Nor is the Southwest any longer the proper home for great herds of grazing animals, as Savory would have us believe. Unlike Africa, much of the American West has been without large herbivores for nearly 10,000 years. The relatively few large mammals that survived the Pleistocene were, of necessity, browsers and forb eaters like the deer and pronghorn. Only the elk and the bison depend largely on grasses for sustenance. Elk are mostly montane animals and bison were confined to the less arid and more stable-Savory would say non-brittle-grasslands east of the Rio Grande.
American deserts have no native animals such as the gemsbok and eland that can roam freely, subsist without open water, and keep from concentrating in favorite habitats. Co-evolutionary relationships that allow the kudu and other animals to subsist on the sugary exudings of mopane tree leaves, without damaging the plants, are almost unknown in the Southwest. Removal of old grass cover by introduced livestock may stimulate new growth, but it also increases evapotranspiration rates and accelerates an irreversible conversion of what little natural grassland there is to shrubland and desert. If, as Savory postulates, thrifty, growing of ass was the normal ground cover of the Southwest, pronghorn antelope would have green colored pelage rather than butterscotch and white.

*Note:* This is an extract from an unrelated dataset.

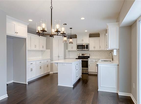 Gorgeous family NEW HOME! Cul de sac lot, 4 bedroom, 3 bath, deck, Big master suite with walk in closet. Pantry, Granite tops, custom cabinets, hardwoods, and tile upgrades all as standard. Finished rec room in basement along with the 4th bedroom and full bath in the finished basement. Big spacious yard boarders green space for great views. approx 30+ days to completion. Only 15 minutes from Olathe and Overland Park. Photos are of a similar completed home.

Even in other, more compatible regions of the country, Savory's methods need further testing before being adopted. Carefully controlled experiments in several areas using paired test areas for comparison are essential before his methodology should even be considered. Even then, it must be remembered that to be successful, the result must be range rehabilitation-not just increased stock numbers or weight gains.
None of this should be interpreted to mean that Savory's teachings are without merit. Much of what he advocates-careful land husbandry, the abandonment of yearlong grazing, and less reliance on mechanical solutions to vegetative problems-are highly commendable. Every effort should be made to support his positions against spraying grasshoppers with pesticides, reseeding rangelands with exotic grasses, and poisoning predators and prairie dogs. Attempts by ranchers to implement his teachings on private lands having an annual rainfall of 1 5 inches or more might even be encouraged. Additional HRM programs on federal and state lands, especially those in arid and semiarid regions, should be strongly resisted, however. A patchwork quilt of fenced pastures and artificial waters has no place on public land where objectives other than livestock production must be considered. Our public rangelands have been the recipients of too many failed remedies already. Exotic grasses, uprooted mesquites, pushed over junipers and pinon and a plethora of fences are our legacy of earlier attempts at range restoration. It is time we forsook such costly and desperate measures just to keep cattle on the public dole.